Solid-State NMR Studies of Aminocarboxylic Salt Bridges in l-Lysine Modified Cellulose
Ricardo Manríquez†‡, Fernando A. López-Dellamary‡, Jaroslaw Frydel†, Thomas Emmler†, Hergen Breitzke§, Gerd Buntkowsky§, Hans-Heinrich Limbach† and Ilja G. Shenderovich*†#
J. Phys. Chem. B, 2009, 113 (4), pp 934–940
Abstract: LysCel is a cellulose-based material in which l-lysine molecules are grafted with their amino side chains to the cellulose hydroxyl groups. This modification increases considerably the mechanical strength and resistance of cellulosic structures toward water. It has been attributed to the formation of double salt bridges between lysine aminocarboxyl groups in the zwitterionic state. In order to characterize this unusual structure, we have performed high-resolution solid-state 15N and 13C CPMAS NMR experiments on LysCel samples labeled with 15N in the α-position or ε-position.

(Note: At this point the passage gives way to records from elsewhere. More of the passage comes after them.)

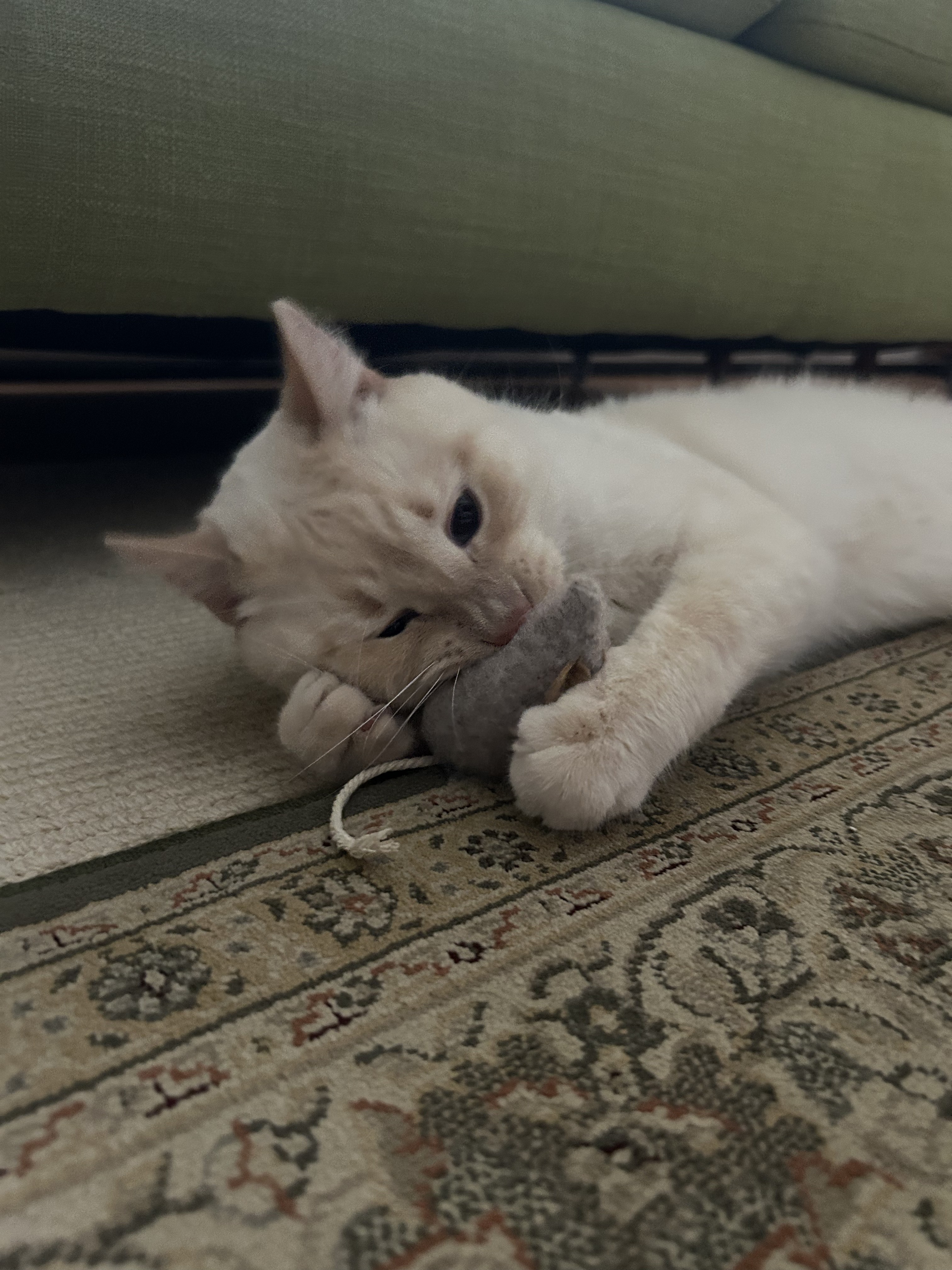 From what we heard from his previous owner, he was being bullied by his cat roommates and was in need of rehoming due to this. When we got Leo he was scared, shy, and had signs of high anxiety. It took a long time for us to reach through to him, but now he’s a very happy and curious cat.
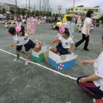 黄いろ帽の年長さんは自分たちの種目はもちろん、赤帽さんやみどり帽さんの競技のお手伝いに駆け回るなど、まさに大活躍の一日。最後に園長先生やPTA会長さんからごほうびをいただき、ニッコリの子どもたちでした。
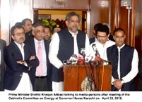 Keeping in view the serious power crisis in the Karachi port city, Prime Minister Shahid Khaqan Abbasi chaired a meeting of the Cabinet Committee on Energy at the Governor House in Karachi today. The meeting was attended by Governor Sindh, Chief Ministers of Sindh and Punjab, Federal Minister for Power, Minister of State for Power, Adviser to PM on Finance Miftah Ismail and senior officials.
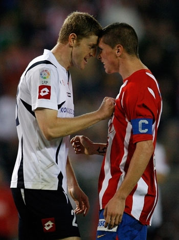 Atletico Madrid's Fernando Torres (R) and Zaragoza's Sergio Fernandez argue during their Spanish First Division soccer match in Madrid October 29, 2006. [Reuters]

Furthermore, 13C−15N REDOR experiments were performed on LysCel where half of the aminocarboxyl groups were labeled in 1-position with 13C and the other half in α-position with 15N. The comparison with the 13C and 15N chemical shifts of l-leucine lyophilized at different pH shows that the aminocarboxyl groups of LysCel are indeed zwitterionic. The REDOR experiments indicate distances of about 3.5 Å between the carboxyl carbon and the nitrogen atoms of different aminocarboxyl groups, indicating that the latter are in close contact with each other. However, the data are not compatible with isolated aminocarboxyl dimers but indicate the assembly of zwitterionic aminocarboxyl dimers either in a flat ribbon or as tetramers, exhibiting similar intra- and interdimer 13C···15N distances. This interaction of several aminocarboxyl groups is responsible for the zwitterionic state, in contrast to the gas phase, where amino acid dimers exhibiting two OHN hydrogen bonds are neutral.